# Work with a temporary resident visa?



## CptSam (Jul 27, 2015)

Hi,

My Mexican spouse and I are planning to get married soon. From what I understand, I could apply for a temporary resident visa after the wedding. My big question is, can I work with a temporary resident visa. 

What I understand is that if you want to work, you need to go to the INM and then do an application for the job permit. I need to have a stamp on my visa saying ''lucrativo'' or something like this.

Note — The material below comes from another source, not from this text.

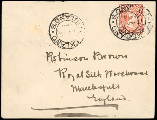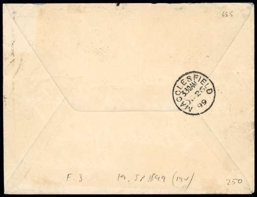 1899 envelope with QV 1d tied by Type F3 CDSs of 19 SP 1899 (year inverted), addressed to Robinson Brown, Royal Silk Warehouse, Macclesfield. Correctly rated. Macclesfield arrival on reverse

My question is that: Do I need a Mexican company to sponsor me? Basically, I need to go to the long process to get a work visa (find a mexican company and proving that a Mexican can not do my job etc). Is it the same process? Or it's a different process where I just have to go to the INM and tell them that I want to work? I am little bit confused.

Thank you


----------



## RVGRINGO (May 16, 2007)

Generally, you will need a firm offer of employment by a company registered with INM, and which will support your application with their own particular data. Yes, you will need a Residente Temporal Visa with the Lucrativa endorsement. As the spouse of a citizen, it should be easy to obtain. If you have a unique talent, there is the possibility of getting the endorsement to work independently in your proven profession or trade. It is not up to you to prove anything unique about your skills vs availability; it is up to the employer.


----------



## CptSam (Jul 27, 2015)

RVGRINGO said:


> Generally, you will need a firm offer of employment by a company registered with INM, and which will support your application with their own particular data. Yes, you will need a Residente Temporal Visa with the Lucrativa endorsement. As the spouse of a citizen, it should be easy to obtain. If you have a unique talent, there is the possibility of getting the endorsement to work independently in your proven profession or trade. It is not up to you to prove anything unique about your skills vs availability; it is up to the employer.

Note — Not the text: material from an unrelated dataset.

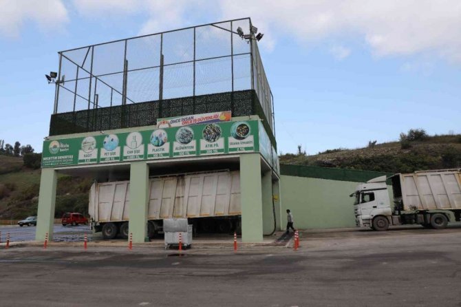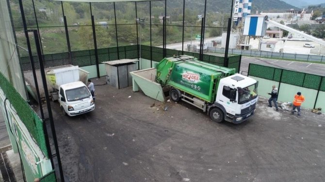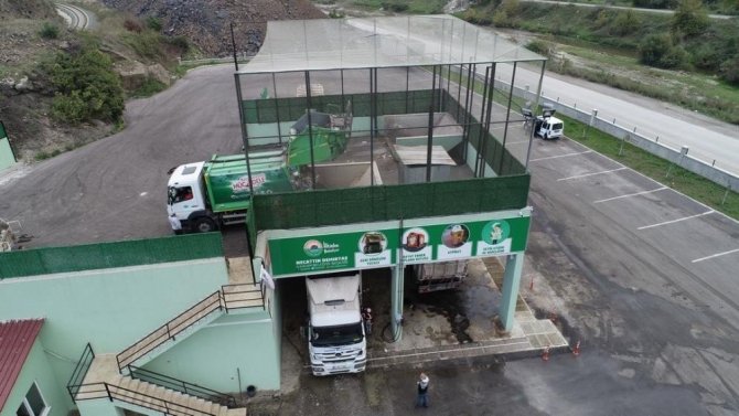 Çöp kamyonları tarafından istasyona bırakılan atıklar, hazır hale getirildikten sonra 50 ton kapasiteli tırlar ile döküm istasyonuna taşınıyor.

Thank you RVGRINGO. Sorry I do not understand completely. What is the Lucrativa endorsement exactly? The endorsement is given after I receive an offer of employment by a company registered by the INM? Or can I just get the endorsement by explaining them my situation. The problem is that I am doing a bachelor degree (studying by distance) at the moment and I don't think I have a special skills and therefore it will be very difficult to find a company to sponsor me. I was thinking to get the endorsement to be able to work in a call center while studying and help my wife financially. 

Thank you


----------



## maesonna (Jun 10, 2008)

The “lucrativa endorsement” is another way of saying “authorization to work”. It is an extra classification that can be added to your visa.
You do have a special skill if you are a native English speaker or as good as native.
If you have time for a full-time job, start applying to call center companies, and if you get accepted for a job, ask them if they can sponsor you. It is not a big deal for them if they already have authorization from INM to hire foreign employees, then all they need to do is prepare a letter that you take to INM with your application for work authorization.


----------



## CptSam (Jul 27, 2015)

maesonna said:


> The “lucrativa endorsement” is another way of saying “authorization to work”. It is an extra classification that can be added to your visa.
> You do have a special skill if you are a native English speaker or as good as native.
> If you have time for a full-time job, start applying to call center companies, and if you get accepted for a job, ask them if they can sponsor you. It is not a big deal for them if they already have authorization from INM to hire foreign employees, then all they need to do is prepare a letter that you take to INM with your application for work authorization.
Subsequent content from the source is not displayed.